_Work instructions_
Only the lines from the one containing "wózkiem paletowym ." through the one containing "Marqués de Vadillo es una estación" should be printed, exactly as they appear below, with both ends included.

_Input data_
....

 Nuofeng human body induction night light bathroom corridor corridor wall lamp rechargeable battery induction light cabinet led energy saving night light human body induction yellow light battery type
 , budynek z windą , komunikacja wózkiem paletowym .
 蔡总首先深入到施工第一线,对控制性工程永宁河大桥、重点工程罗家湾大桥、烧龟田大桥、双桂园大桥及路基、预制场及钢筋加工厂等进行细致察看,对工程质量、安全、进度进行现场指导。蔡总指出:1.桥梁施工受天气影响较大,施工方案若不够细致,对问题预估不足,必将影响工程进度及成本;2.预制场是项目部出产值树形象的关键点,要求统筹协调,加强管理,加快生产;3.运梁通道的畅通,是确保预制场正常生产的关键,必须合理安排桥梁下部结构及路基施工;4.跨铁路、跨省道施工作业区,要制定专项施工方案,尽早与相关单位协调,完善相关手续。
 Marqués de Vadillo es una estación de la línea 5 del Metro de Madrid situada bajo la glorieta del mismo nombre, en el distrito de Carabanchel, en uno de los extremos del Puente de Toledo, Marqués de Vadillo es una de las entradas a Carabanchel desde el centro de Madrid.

....

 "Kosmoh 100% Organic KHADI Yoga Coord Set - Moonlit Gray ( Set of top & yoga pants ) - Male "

....

_Output for this exercise_
 , budynek z windą , komunikacja wózkiem paletowym .
 蔡总首先深入到施工第一线,对控制性工程永宁河大桥、重点工程罗家湾大桥、烧龟田大桥、双桂园大桥及路基、预制场及钢筋加工厂等进行细致察看,对工程质量、安全、进度进行现场指导。蔡总指出:1.桥梁施工受天气影响较大,施工方案若不够细致,对问题预估不足,必将影响工程进度及成本;2.预制场是项目部出产值树形象的关键点,要求统筹协调,加强管理,加快生产;3.运梁通道的畅通,是确保预制场正常生产的关键,必须合理安排桥梁下部结构及路基施工;4.跨铁路、跨省道施工作业区,要制定专项施工方案,尽早与相关单位协调,完善相关手续。
 Marqués de Vadillo es una estación de la línea 5 del Metro de Madrid situada bajo la glorieta del mismo nombre, en el distrito de Carabanchel, en uno de los extremos del Puente de Toledo, Marqués de Vadillo es una de las entradas a Carabanchel desde el centro de Madrid.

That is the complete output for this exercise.